> Problem statement
Exactly the lines from the one with "In the postgres" through the end of the data below must be set down, and no pictures with them.
• • • • • • •
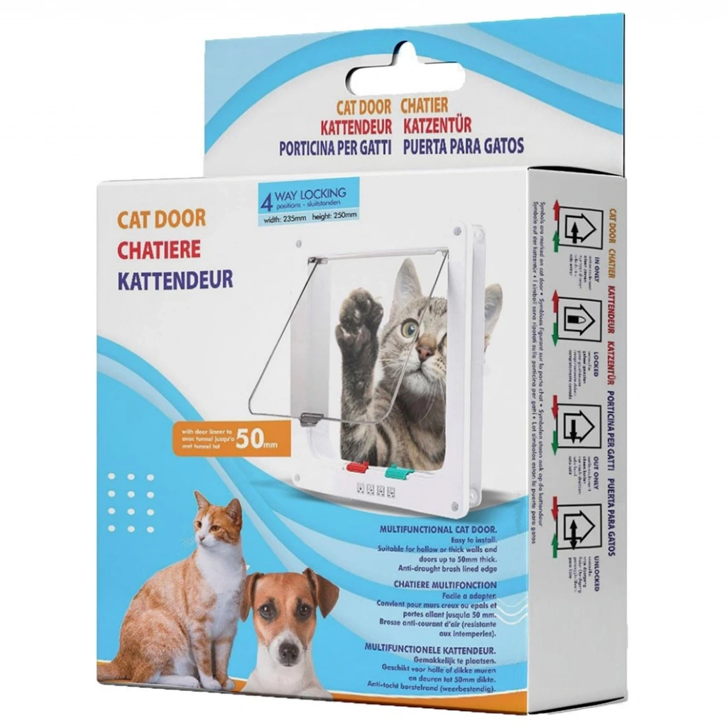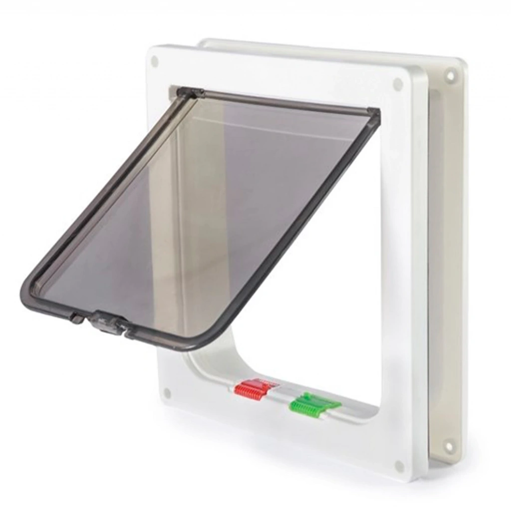 Dışarı çıkmayı seven kediler ve küçük ırk köpekler için 4 yollu non-toksit yapılı sağlam plastik malzedemen üretilen kedi kapısıdır.
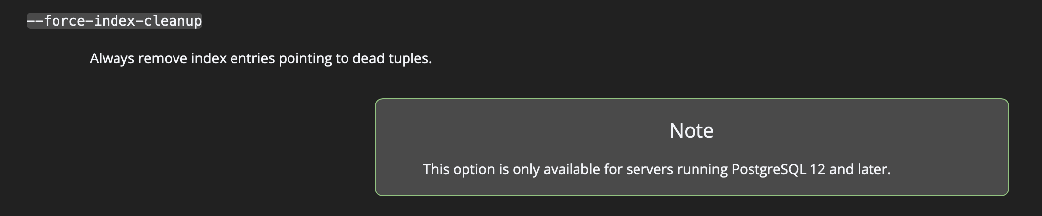 In the postgres document we notice that the --force-index-cleanup option is available in PostgreSQL server 12 and Later. We have postgres db running on 12.9 but we don’t see this option.
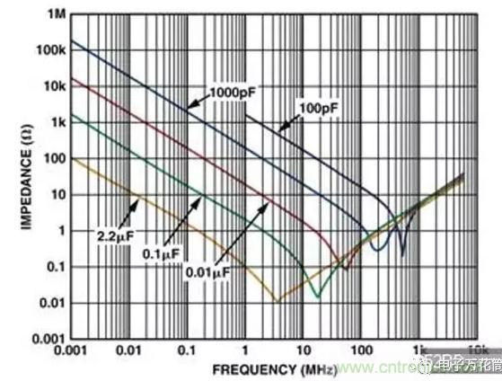 并聯(lián)不同電容值的電容器有助于確保電源引腳在很寬的頻帶上出現(xiàn)很低的交流(AC)阻抗。這對(duì)于在運(yùn)算放大器電源抑制比(PSR)衰減頻率處尤其重要。該電容器有助于補(bǔ)償放大器降低的PSR。在許多十倍頻程范圍內(nèi)保持低阻抗的接地通路將有助于確保有害的雜訊不能進(jìn)入運(yùn)算放大器。(圖一)顯示採(cǎi)用多個(gè)并聯(lián)電容器的優(yōu)點(diǎn)。在低頻段,大的電容器提供低阻抗的接地通路。但是一旦頻率達(dá)到了它們自身的諧振頻率,電容器的相容性就會(huì)減弱,并且逐漸呈現(xiàn)出電感性。這就是為什么採(cǎi)用多個(gè)電容器是很重要的原因:當(dāng)一個(gè)電容器的頻率回應(yīng)開(kāi)始下降時(shí),另一個(gè)電容器的頻率回應(yīng)開(kāi)始其作用,所以能在許多十倍頻程范圍內(nèi)保持很低的AC阻抗。
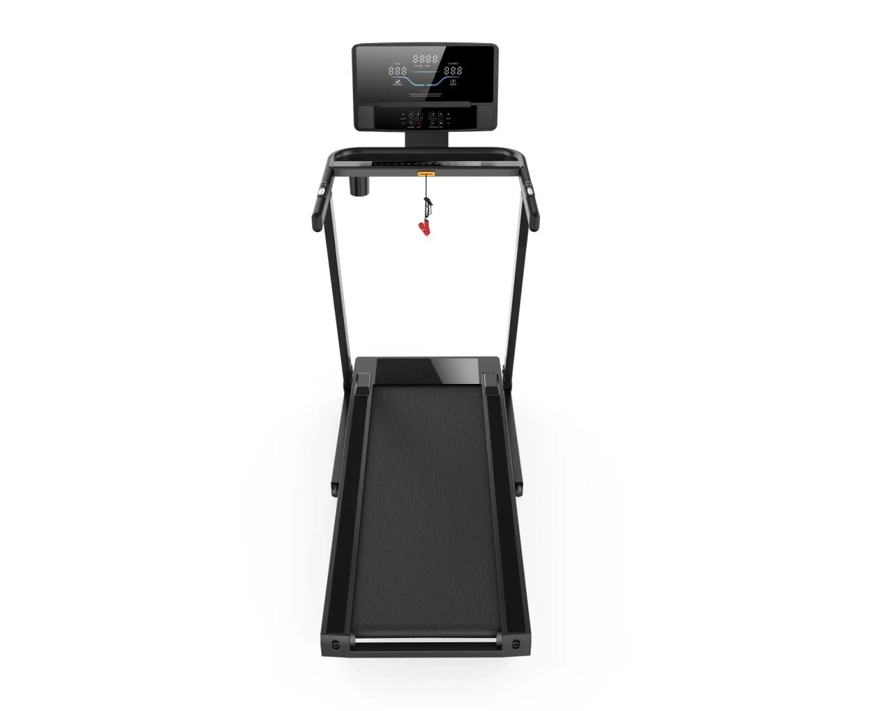 Система безопасности с предохранительным ключом: для обеспечения безопасности во время тренировки беговая дорожка оснащена предохранительным ключом, подключаемым к одежде. В случае чрезвычайной ситуации, когда вы должны немедленно остановить тренажер, достаточно потянуть за ключ и беговая лента мгновенно остановится.
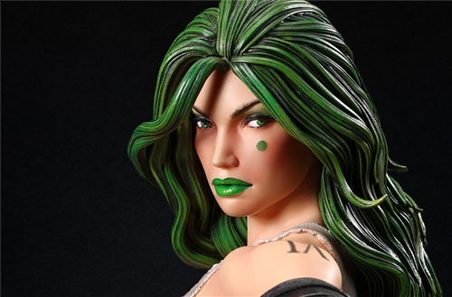 No expense was spared in the creation of her peripherals either. From the futuristic dual weaponry and ammo belt to the amalgamated base that represents the cybernetic decadence found in the pages of the comic, everything was crafted with the utmost attention so as to bring this cybernetic assassin to life.
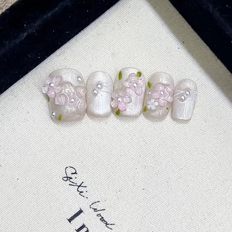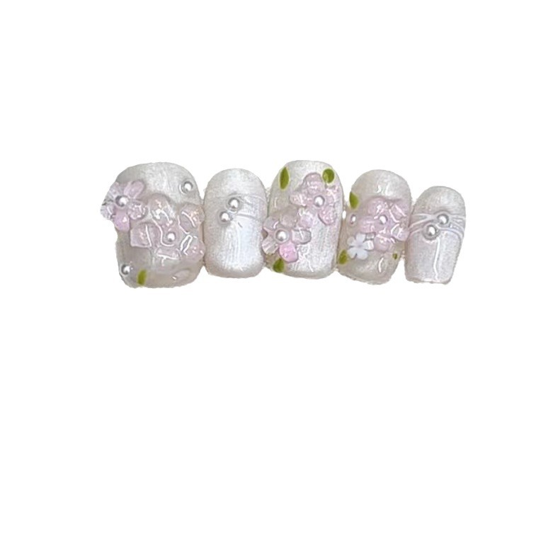 奈姿纯手工光疗穿戴甲雕花批发成品重复使用美甲贴片可拆卸
• • • • • • •
> Response to the task
 In the postgres document we notice that the --force-index-cleanup option is available in PostgreSQL server 12 and Later. We have postgres db running on 12.9 but we don’t see this option.
 并聯(lián)不同電容值的電容器有助于確保電源引腳在很寬的頻帶上出現(xiàn)很低的交流(AC)阻抗。這對(duì)于在運(yùn)算放大器電源抑制比(PSR)衰減頻率處尤其重要。該電容器有助于補(bǔ)償放大器降低的PSR。在許多十倍頻程范圍內(nèi)保持低阻抗的接地通路將有助于確保有害的雜訊不能進(jìn)入運(yùn)算放大器。(圖一)顯示採(cǎi)用多個(gè)并聯(lián)電容器的優(yōu)點(diǎn)。在低頻段,大的電容器提供低阻抗的接地通路。但是一旦頻率達(dá)到了它們自身的諧振頻率,電容器的相容性就會(huì)減弱,并且逐漸呈現(xiàn)出電感性。這就是為什么採(cǎi)用多個(gè)電容器是很重要的原因:當(dāng)一個(gè)電容器的頻率回應(yīng)開(kāi)始下降時(shí),另一個(gè)電容器的頻率回應(yīng)開(kāi)始其作用,所以能在許多十倍頻程范圍內(nèi)保持很低的AC阻抗。
 Система безопасности с предохранительным ключом: для обеспечения безопасности во время тренировки беговая дорожка оснащена предохранительным ключом, подключаемым к одежде. В случае чрезвычайной ситуации, когда вы должны немедленно остановить тренажер, достаточно потянуть за ключ и беговая лента мгновенно остановится.
 No expense was spared in the creation of her peripherals either. From the futuristic dual weaponry and ammo belt to the amalgamated base that represents the cybernetic decadence found in the pages of the comic, everything was crafted with the utmost attention so as to bring this cybernetic assassin to life.
 奈姿纯手工光疗穿戴甲雕花批发成品重复使用美甲贴片可拆卸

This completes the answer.